Remember that Helix Server 6.1 will provide support for both Classic and macOS Clients simultaneously, so there’s going to be a lot of testing down that road. Between now and the time we are ready to test the macOS Client, we will begin testing the new Classic 6.1 Client with the new Server.

At some point in our testing, we will cut over to the new Server as our production server. That eventuality will be followed by a public beta in our HelixChat on an upcoming Friday afternoon, as we did when we first changed Helix’s networking from AppleTalk to TCP/IP. Sure, it won’t be as exciting as the eventual public test of the macOS native Helix Client, which is still several weeks behind that, but it is a vital and critical test and we urge you to plan to participate.

So make some room on your calendars over the next few weeks for Fridays at noon, US EDT. We’ll try to give you about a week’s notice when we’re ready.

What the (Near) Future Holds

In the past few weeks, we’ve had the pleasure of seeing our work habit adapt into a new form. We make some adjustments to our collections in RADE (still a Classic application) and then jump back into macOS and watch how they work in Helix Engine. It’s really a nice change, and though it still requires a trip into Classic every now and then, it is quite bearable when you get to spend most of your time in macOS.

As a person who uses Helix RADE to create, modify and maintain applications that are used either by individuals or workgroups, all you have to do to stay sane until RADE is finally in macOS is to treat your Classic-capable Mac like a ’57 Fender Champ Amp or a ’63 Corvette. Keep it in great running condition for as long as you can.

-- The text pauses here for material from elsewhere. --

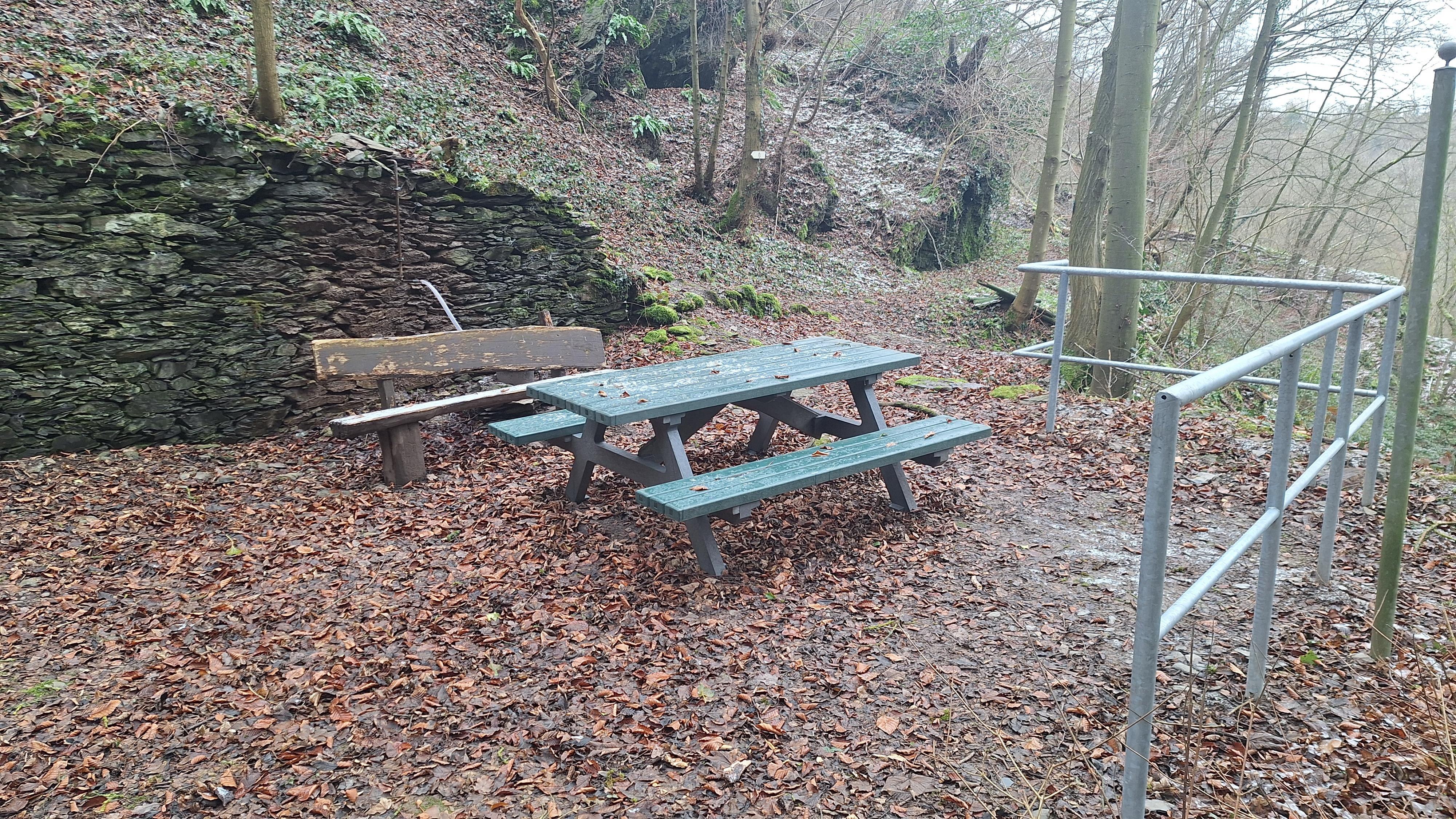 Alte Mühlenruine am Wanderweg Traumschleifchen "Werlauer-Pilz" im Heimbachtal mit Picknickbank.

In the meantime, very soon, you will be able to deploy all your applications in a macOS environment. Your users may call you and say, ‘We need you to make some changes in our Helix program.’ ‘No problem,’ you’ll say. They won’t care how you do it. They won’t care that you had to put their collection on a machine running Classic. They only want what every Helix user has always wanted: to see their program doing what they want it to do. And they’ll be seeing it all in macOS.

So, last, but by no means least, the other announcement we’ve held off on for as long as we could. With all this great stuff about to happen, we’re pulling the string on the new price list, which was recently tweaked a bit and will go into effect on November 1, 2007. The changes are not dramatic, but by ordering before the new prices go into effect, you will definitely save some money and, as always, continue to assure that there’s a Helix in your future.